Assignment
Starting with the line that contains "Eine Auflage der", copy each line exactly through the end of the listing, and omit all pictures.
═════ Supplied records
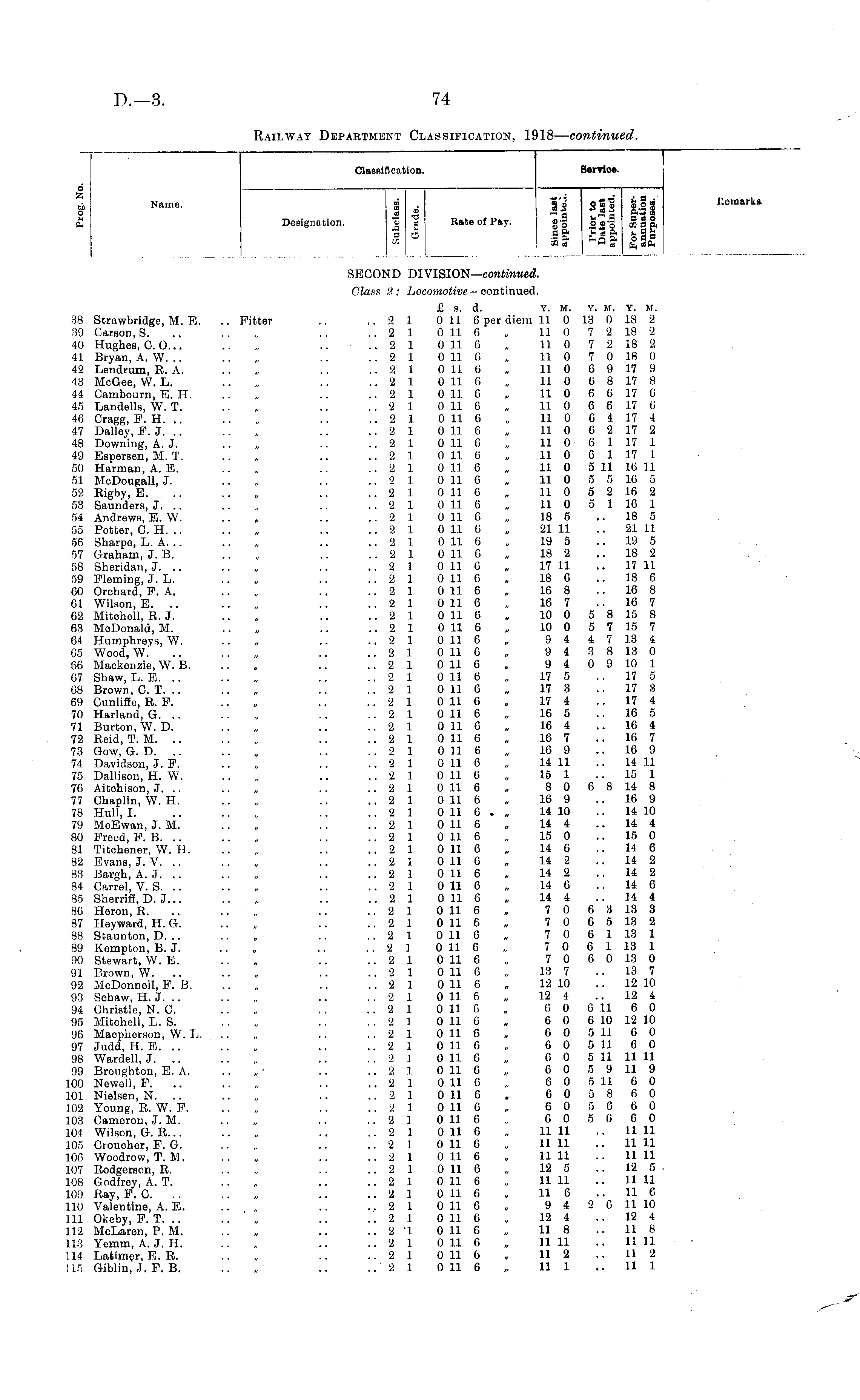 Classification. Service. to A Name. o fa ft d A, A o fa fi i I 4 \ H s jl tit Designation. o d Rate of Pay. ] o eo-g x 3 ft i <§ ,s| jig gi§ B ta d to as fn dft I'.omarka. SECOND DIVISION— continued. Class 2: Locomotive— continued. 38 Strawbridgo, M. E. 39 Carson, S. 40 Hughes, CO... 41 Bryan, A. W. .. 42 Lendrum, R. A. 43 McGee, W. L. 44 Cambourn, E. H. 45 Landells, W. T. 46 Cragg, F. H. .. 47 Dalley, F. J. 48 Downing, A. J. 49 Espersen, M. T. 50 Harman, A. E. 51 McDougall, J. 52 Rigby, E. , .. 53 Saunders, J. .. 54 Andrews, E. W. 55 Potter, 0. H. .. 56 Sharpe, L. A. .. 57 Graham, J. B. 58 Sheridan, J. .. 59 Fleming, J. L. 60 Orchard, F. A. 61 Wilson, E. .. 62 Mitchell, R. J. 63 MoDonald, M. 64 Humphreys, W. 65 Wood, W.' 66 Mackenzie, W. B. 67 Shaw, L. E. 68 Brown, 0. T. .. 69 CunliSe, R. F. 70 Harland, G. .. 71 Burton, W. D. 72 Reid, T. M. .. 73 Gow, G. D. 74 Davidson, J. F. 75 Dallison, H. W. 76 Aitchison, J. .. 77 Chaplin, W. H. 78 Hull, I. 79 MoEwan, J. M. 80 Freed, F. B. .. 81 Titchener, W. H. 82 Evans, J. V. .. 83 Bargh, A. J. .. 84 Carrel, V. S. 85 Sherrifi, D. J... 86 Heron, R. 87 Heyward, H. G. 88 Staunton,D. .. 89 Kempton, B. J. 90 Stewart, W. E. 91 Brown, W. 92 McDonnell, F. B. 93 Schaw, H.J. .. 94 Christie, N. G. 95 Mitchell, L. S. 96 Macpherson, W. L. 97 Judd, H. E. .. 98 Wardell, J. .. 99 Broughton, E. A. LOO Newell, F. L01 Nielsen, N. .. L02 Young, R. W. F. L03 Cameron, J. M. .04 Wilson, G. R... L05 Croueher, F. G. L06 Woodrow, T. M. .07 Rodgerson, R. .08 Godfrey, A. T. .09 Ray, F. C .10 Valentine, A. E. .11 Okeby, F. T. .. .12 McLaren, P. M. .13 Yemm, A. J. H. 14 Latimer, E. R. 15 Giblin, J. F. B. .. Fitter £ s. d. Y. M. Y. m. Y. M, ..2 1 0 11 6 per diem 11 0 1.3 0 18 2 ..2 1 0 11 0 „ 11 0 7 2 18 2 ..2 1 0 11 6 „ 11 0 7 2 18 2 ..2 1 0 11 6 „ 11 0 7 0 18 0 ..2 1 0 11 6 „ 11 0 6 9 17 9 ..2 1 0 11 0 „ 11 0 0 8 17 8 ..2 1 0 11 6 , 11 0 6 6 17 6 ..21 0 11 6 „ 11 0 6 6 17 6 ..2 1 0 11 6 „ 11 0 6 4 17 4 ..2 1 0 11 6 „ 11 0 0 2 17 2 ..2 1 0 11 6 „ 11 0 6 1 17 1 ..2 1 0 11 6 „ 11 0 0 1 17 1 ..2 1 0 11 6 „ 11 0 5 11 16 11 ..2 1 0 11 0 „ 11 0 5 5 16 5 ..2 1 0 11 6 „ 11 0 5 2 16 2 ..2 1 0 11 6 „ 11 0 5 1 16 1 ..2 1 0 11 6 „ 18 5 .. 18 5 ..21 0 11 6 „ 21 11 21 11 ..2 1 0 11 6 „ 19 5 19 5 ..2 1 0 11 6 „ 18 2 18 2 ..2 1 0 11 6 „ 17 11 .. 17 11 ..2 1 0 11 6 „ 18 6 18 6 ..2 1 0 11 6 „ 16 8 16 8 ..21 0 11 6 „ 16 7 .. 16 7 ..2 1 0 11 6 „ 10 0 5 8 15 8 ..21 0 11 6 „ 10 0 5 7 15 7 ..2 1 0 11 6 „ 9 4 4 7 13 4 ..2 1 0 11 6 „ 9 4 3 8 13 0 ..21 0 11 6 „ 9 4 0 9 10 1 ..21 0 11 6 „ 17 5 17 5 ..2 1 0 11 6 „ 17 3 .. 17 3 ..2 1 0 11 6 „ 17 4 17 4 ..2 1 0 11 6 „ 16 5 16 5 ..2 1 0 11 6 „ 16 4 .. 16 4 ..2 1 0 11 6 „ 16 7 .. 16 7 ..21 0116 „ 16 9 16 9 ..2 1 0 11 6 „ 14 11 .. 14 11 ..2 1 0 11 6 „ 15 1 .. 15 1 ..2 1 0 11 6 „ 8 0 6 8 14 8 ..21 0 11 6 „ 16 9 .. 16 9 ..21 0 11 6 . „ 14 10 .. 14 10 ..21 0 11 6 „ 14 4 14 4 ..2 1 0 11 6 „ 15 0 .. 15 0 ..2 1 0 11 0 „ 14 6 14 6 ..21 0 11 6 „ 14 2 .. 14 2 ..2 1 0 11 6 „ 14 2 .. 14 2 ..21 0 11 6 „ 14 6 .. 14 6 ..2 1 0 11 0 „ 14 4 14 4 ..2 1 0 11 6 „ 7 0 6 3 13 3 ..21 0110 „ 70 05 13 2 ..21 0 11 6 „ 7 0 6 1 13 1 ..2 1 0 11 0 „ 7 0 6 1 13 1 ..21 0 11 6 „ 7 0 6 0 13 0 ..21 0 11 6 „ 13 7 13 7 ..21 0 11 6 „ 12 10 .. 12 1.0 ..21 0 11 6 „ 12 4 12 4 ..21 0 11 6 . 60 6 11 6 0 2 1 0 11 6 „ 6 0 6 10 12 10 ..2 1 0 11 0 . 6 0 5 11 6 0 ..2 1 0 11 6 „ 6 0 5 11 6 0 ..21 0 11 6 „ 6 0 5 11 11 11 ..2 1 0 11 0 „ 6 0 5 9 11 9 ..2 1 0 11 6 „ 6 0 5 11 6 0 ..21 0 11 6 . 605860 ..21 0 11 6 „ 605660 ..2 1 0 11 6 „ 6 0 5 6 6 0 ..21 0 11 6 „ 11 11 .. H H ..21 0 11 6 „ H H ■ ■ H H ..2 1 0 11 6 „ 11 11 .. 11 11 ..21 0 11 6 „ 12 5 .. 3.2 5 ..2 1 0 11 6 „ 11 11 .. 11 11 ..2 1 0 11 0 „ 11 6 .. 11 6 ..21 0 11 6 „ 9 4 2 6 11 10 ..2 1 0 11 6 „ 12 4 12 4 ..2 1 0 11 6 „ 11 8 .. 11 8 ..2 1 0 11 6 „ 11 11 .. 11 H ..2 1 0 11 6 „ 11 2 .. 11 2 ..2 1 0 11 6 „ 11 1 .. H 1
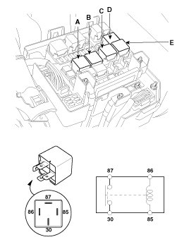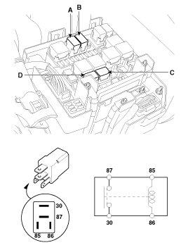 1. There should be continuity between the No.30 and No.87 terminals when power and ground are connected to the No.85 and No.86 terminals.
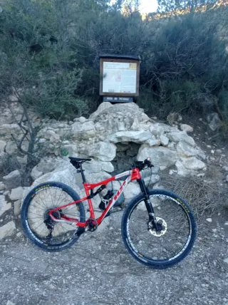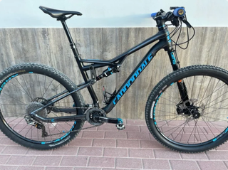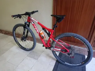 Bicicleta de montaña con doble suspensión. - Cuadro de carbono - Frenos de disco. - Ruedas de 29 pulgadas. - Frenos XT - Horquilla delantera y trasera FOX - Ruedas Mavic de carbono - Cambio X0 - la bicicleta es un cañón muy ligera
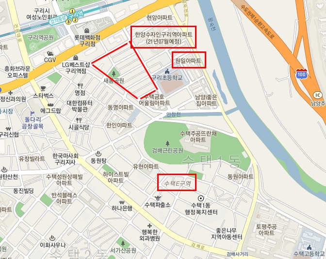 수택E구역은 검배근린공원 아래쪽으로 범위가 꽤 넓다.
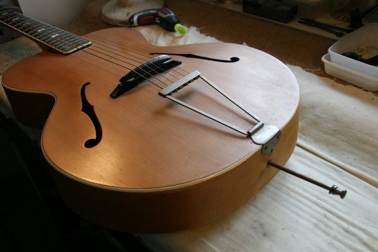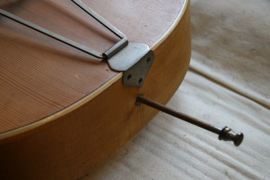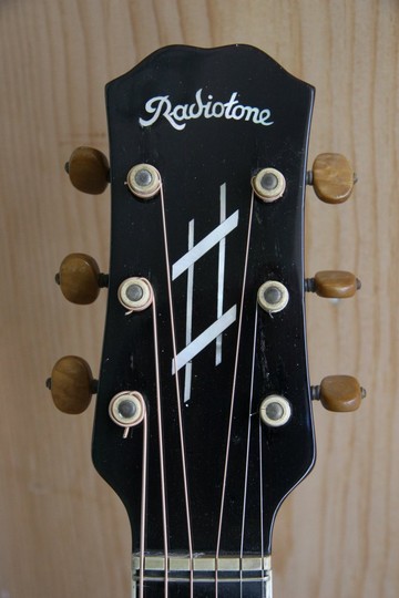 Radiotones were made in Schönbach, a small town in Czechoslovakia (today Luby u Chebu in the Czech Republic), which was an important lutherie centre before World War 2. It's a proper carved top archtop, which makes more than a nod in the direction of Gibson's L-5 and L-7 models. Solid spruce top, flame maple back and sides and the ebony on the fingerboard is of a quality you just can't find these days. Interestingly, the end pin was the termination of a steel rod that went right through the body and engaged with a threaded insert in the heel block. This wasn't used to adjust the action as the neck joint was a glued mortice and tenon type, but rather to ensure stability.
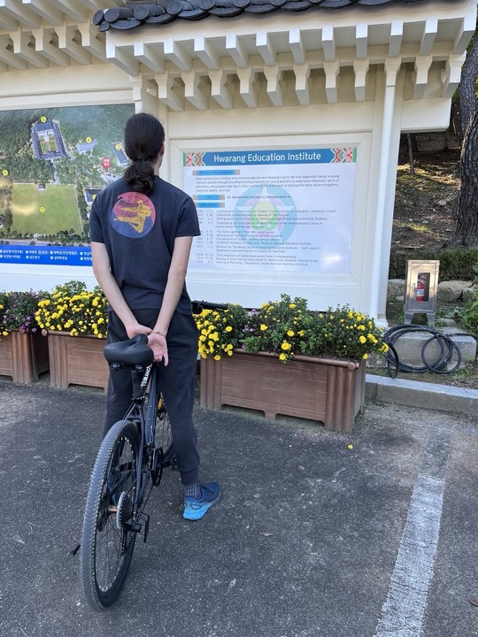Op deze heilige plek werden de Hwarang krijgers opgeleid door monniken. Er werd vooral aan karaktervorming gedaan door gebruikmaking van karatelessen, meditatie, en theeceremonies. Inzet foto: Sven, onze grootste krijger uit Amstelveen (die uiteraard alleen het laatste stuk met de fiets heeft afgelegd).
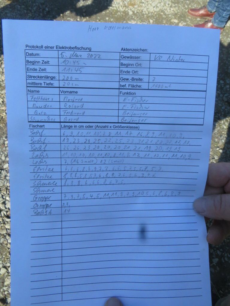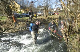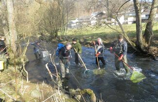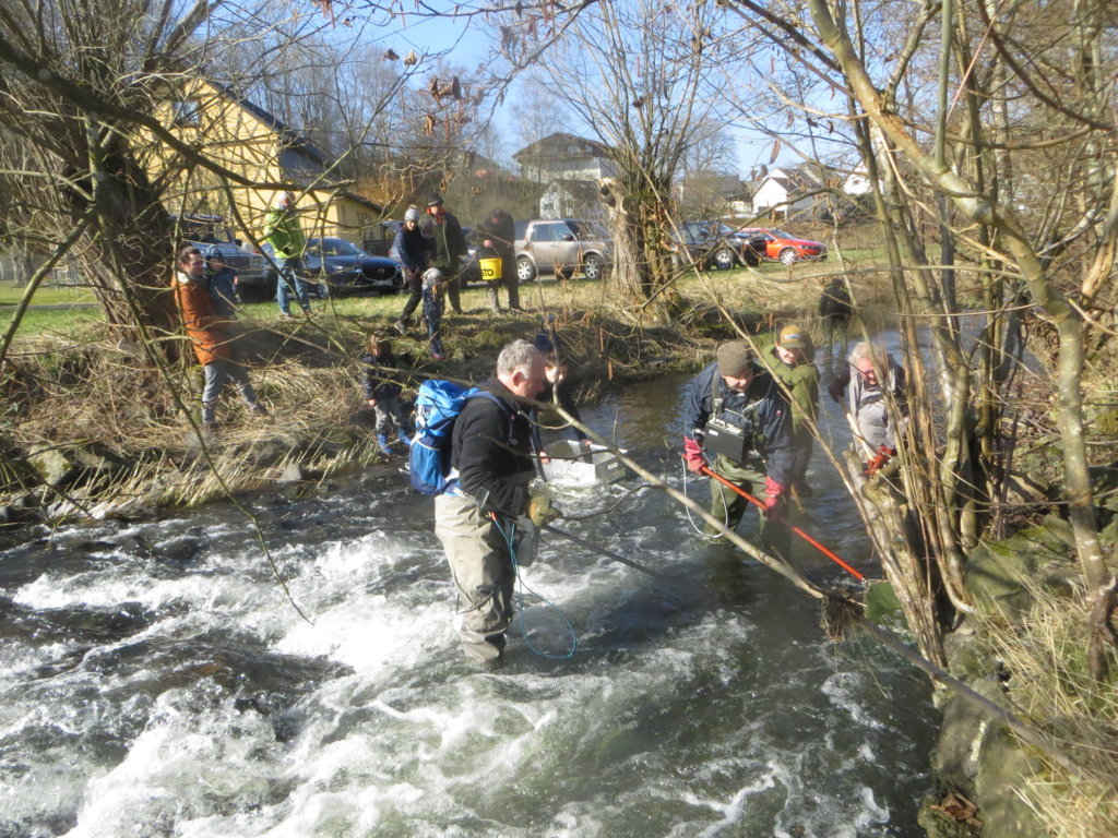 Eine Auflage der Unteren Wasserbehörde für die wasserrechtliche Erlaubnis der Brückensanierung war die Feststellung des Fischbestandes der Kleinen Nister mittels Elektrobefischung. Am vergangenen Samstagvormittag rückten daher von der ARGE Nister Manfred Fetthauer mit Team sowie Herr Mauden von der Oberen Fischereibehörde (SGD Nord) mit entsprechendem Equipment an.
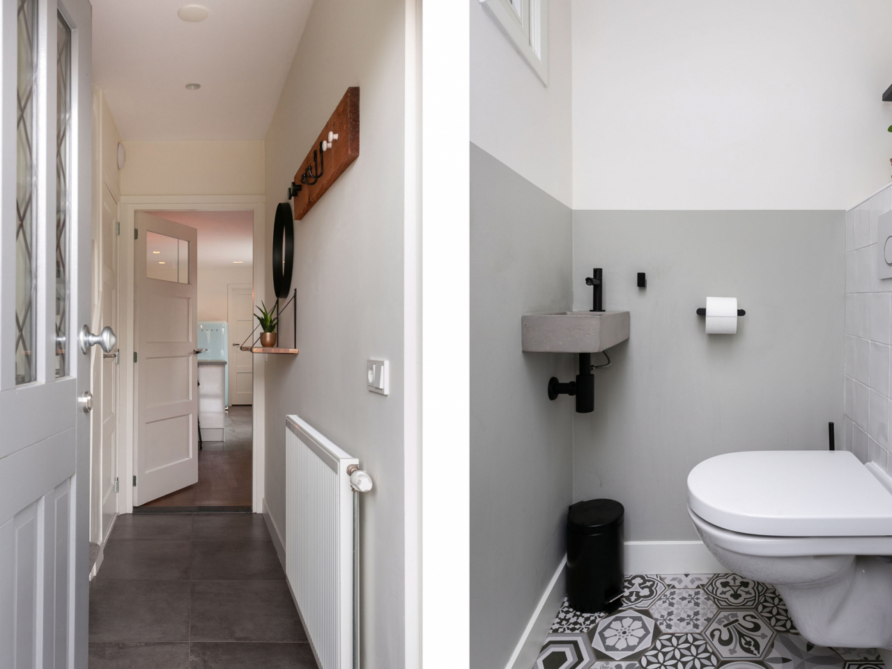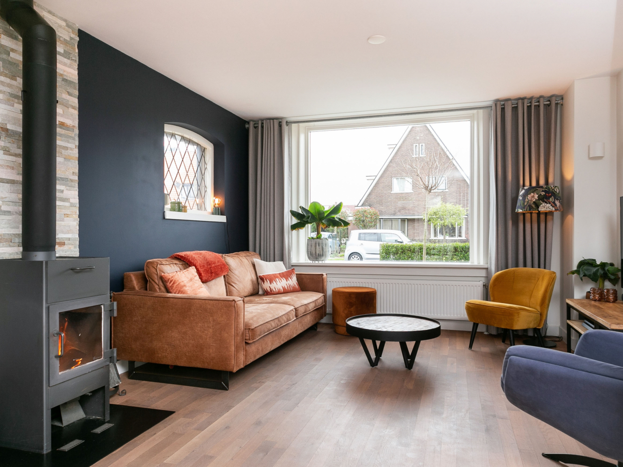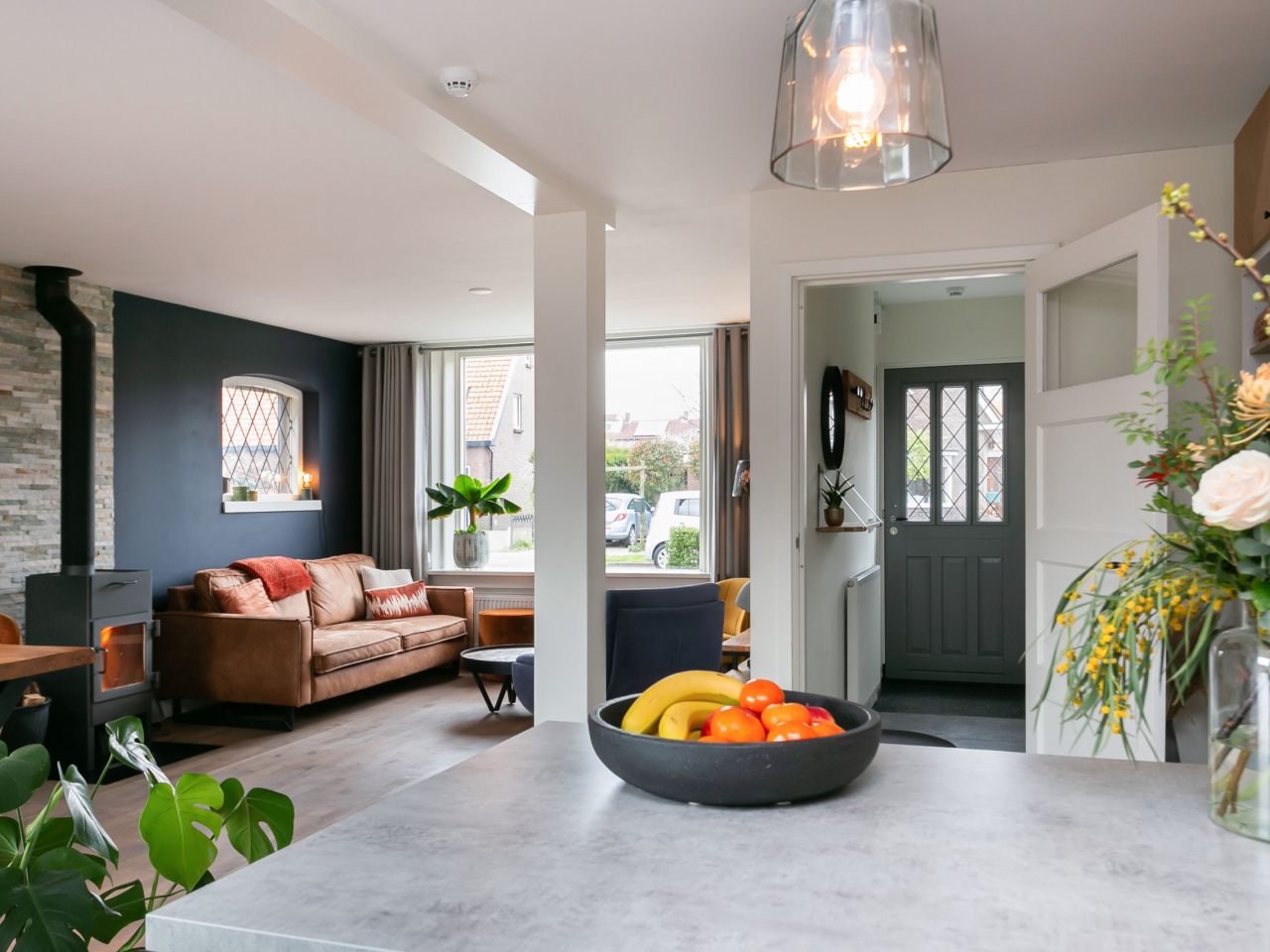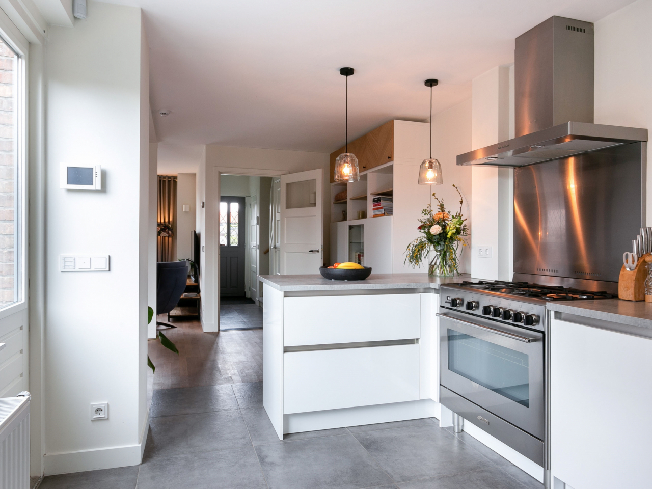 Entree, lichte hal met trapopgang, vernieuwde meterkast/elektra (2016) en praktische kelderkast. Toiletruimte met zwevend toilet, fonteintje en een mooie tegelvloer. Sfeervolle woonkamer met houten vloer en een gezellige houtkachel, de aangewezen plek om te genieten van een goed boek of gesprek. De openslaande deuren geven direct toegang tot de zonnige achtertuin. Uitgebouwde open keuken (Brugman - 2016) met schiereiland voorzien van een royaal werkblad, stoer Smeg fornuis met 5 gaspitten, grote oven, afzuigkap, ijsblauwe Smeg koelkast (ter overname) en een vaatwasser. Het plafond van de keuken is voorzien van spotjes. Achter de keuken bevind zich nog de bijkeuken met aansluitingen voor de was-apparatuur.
══════════
Answer to the problem
 Eine Auflage der Unteren Wasserbehörde für die wasserrechtliche Erlaubnis der Brückensanierung war die Feststellung des Fischbestandes der Kleinen Nister mittels Elektrobefischung. Am vergangenen Samstagvormittag rückten daher von der ARGE Nister Manfred Fetthauer mit Team sowie Herr Mauden von der Oberen Fischereibehörde (SGD Nord) mit entsprechendem Equipment an.
 Entree, lichte hal met trapopgang, vernieuwde meterkast/elektra (2016) en praktische kelderkast. Toiletruimte met zwevend toilet, fonteintje en een mooie tegelvloer. Sfeervolle woonkamer met houten vloer en een gezellige houtkachel, de aangewezen plek om te genieten van een goed boek of gesprek. De openslaande deuren geven direct toegang tot de zonnige achtertuin. Uitgebouwde open keuken (Brugman - 2016) met schiereiland voorzien van een royaal werkblad, stoer Smeg fornuis met 5 gaspitten, grote oven, afzuigkap, ijsblauwe Smeg koelkast (ter overname) en een vaatwasser. Het plafond van de keuken is voorzien van spotjes. Achter de keuken bevind zich nog de bijkeuken met aansluitingen voor de was-apparatuur.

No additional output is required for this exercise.